VQSR in dog

Hi team! I am working on running a bunch of dogs through GATK variant calling in Terra, as many of you know. I'm grappling with VQSR at this point. I have compiled a bunch of dog variant resources and was hoping you folks would be willing to offer opinions on my current plan for using them for VQSR.

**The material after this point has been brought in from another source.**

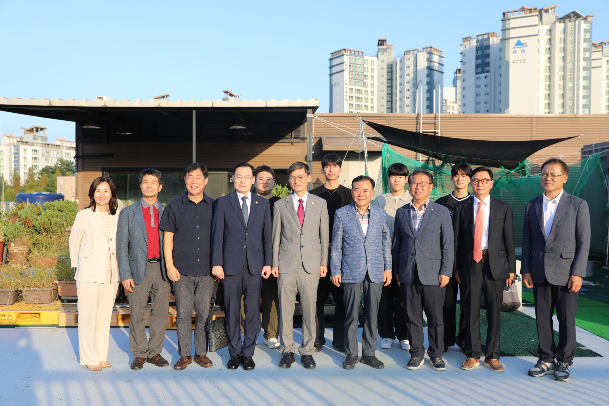 지난 9월 29일(월) 김동환 총장(이하 김 총장)을 비롯한 ▲박경종 총동문회 회장 ▲채성용 총동문회 사무총장 ▲조찬형 ㈜삼진일렉스 사장 ▲김대진 ㈜동현이앤아이 대표이사 ▲유경하 정부조달기술진흥협회 부회장 ▲김종국 기계기술인회장 등 주요 인사가 우리대학 동문 기업 ㈜에어비전을 방문했다. ㈜에어비전에서 진행된 이번 방문은 우리대학과 동문 기업 간의 소통을 강화하기 위해 기획됐다.

I'm working with the joint-discovery-gatk4 WDL, v13, as acquired from the Terra library. I have removed the human-specific variant resources (hapmap, omni, etc). I have compiled to replace them, in order from most to least confidence:

  • axiom_klab: the intersection of the klab variants (see next entry) with Axiom 1.2 million array variants. These are our highest confidence variants.
  • klab: variants called by Karlsson lab on 20-30X dogs, filtered with hard filters
  • ostrander435: variants called by Ostrander lab on 20-30X dogs, filtered with VQSR (method details unknown, many more variants than the klab compilation so I assume more sensitive / less specific)
  • broad: variants from the Broad track on UCSC
  • axelsson: variants called for Axelsson et al., 2014
  • dogsd: variants downloaded from http://bigd.big.ac.cn/dogsdv2/

I'm putting these in to VariantRecalibrator calls in the WDL as below:

      --resource:axiom_klab,known=false,training=true,truth=true,prior=10 ${axiom_klab_vcf} \
      --resource:klab,known=false,training=true,truth=false,prior=8 ${klab_vcf} \
      --resource:ostrander435,known=false,training=true,truth=false,prior=7 ${ostrander435_vcf} \
      --resource:broad,known=false,training=true,truth=false,prior=5 ${broad_vcf} \
      --resource:axelsson,known=false,training=true,truth=false,prior=5 ${axelsson_vcf} \
      --resource:dogsd,known=true,training=false,truth=false,prior=2 ${dogsd_vcf}

I would love feedback on whether my decisions are generally sensible here or if I am completely missing the boat on how VQSR is supposed to work.